Olaf Bryn (9 June 1872 – 8 October 1948) was a Norwegian farmer and politician for the Conservative Party.

He was born in Bærum as a son of Thron Bryn (1836–1890) and his wife Karen Tanum (1846–1920). He finished middle school in 1890, and subsequently ran the farms Bryn and Rud in Western Bærum. He was a first cousin and brother-in-law of fellow politician Alf Staver.

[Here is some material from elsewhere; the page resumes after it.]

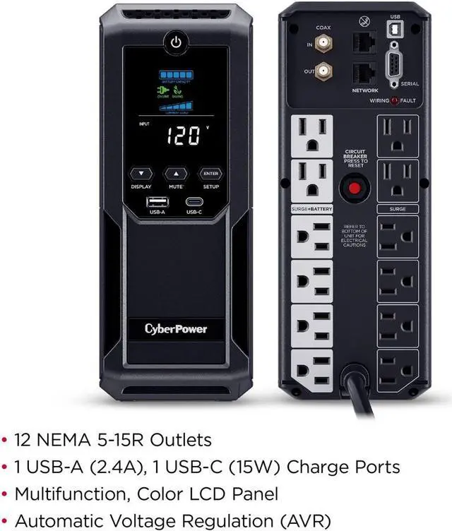 CyberPower CP1350AVRLCD3 Intelligent LCD UPS Systems – 1350VA/815W, 120 VAC, NEMA 5-15P, Mini-Tower, 12 Outlets

He was a member of Bærum municipal council from 1901 to 1922, serving as deputy mayor from 1904 to 1909 and mayor from 1910 to 1916. He was later elected to the Parliament of Norway from Akershus in 1921 and 1924, and later served as a deputy representative during the term 1928–1930. As a member of the Norwegian Agrarian Association, he was one of four delegates from Bærum at the meeting in 1920 that decided to found the Agrarian Party. Three of the delegates also joined the Agrarian Party, but Bryn remained in the Conservative Party.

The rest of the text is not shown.